Wells Fargo Investments LLC v. Caio Dean Dunson
Published: Jun. 22, 2013 | Result Date: Mar. 19, 2013 | Filing Date: Jan. 1, 1900 |Case number: 10-02139 Arbitration – $991,728
Facts
Wells Fargo Investments LLC filed a complaint against Ciao Dunson in connection with two Promissory Notes executed by Dunson in 2005 and 2006. Wells Fargo alleged that Dunson was liable for $803,165 in principal damages plus interest and attorney fees and costs. The Notes became due and owing upon Dunson's termination in 2009. Dunson denied any liability and asserted a counterclaim against Wells Fargo for breach of contract, breach of covenant of good faith and fair dealing, intentional infliction of emotional distress, interference with prospective economic advantage and wrongful termination.
Damages
Wells Fargo sought the principal balance of nearly $20,000 owed under the 2005 Note plus interest and $783,407 under the 2006 Note plus interest.

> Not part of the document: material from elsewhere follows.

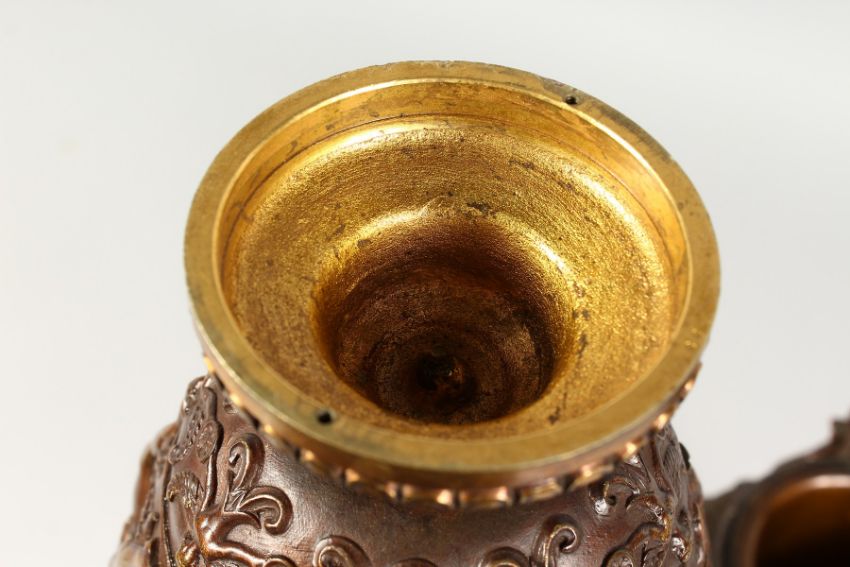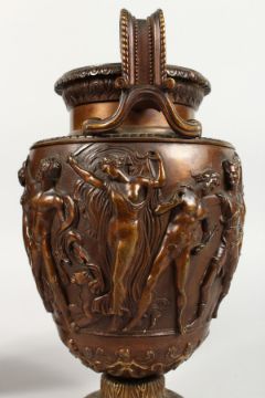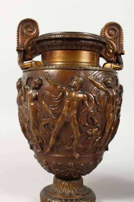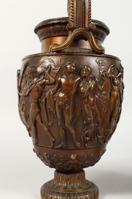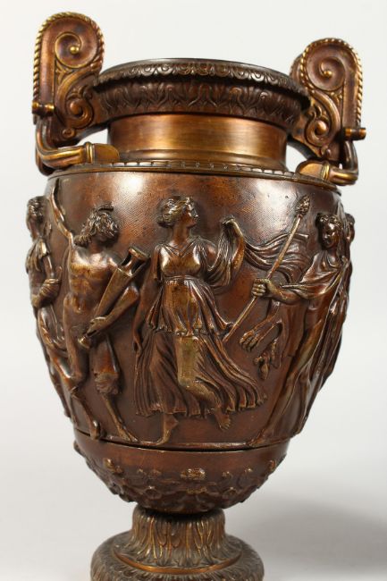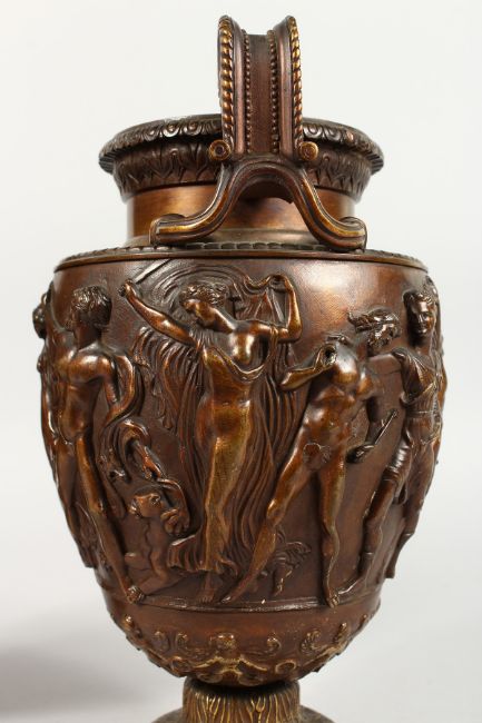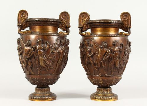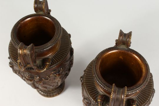 A PAIR OF SUPERB QUALITY 19TH CENTURY BRONZE RENAISSANCE DESIGN TWO-HANDLED URNS, the sides with Roman figures in relief.

Dunson sought expungement of the balance, reimbursement of loss income in the amount of $3 million, reimbursement of bonus for approximately $2 million, attorney fees, punitive and exemplary damages for $5 million and an order directing Wells Fargo to amend his records to reflect that he was terminated "in error."
Result
The FINRA Panel found Dunson liable to Wells Fargo in the sum of $991,728, which included the principal on both Notes plus interest and attorney fees and costs.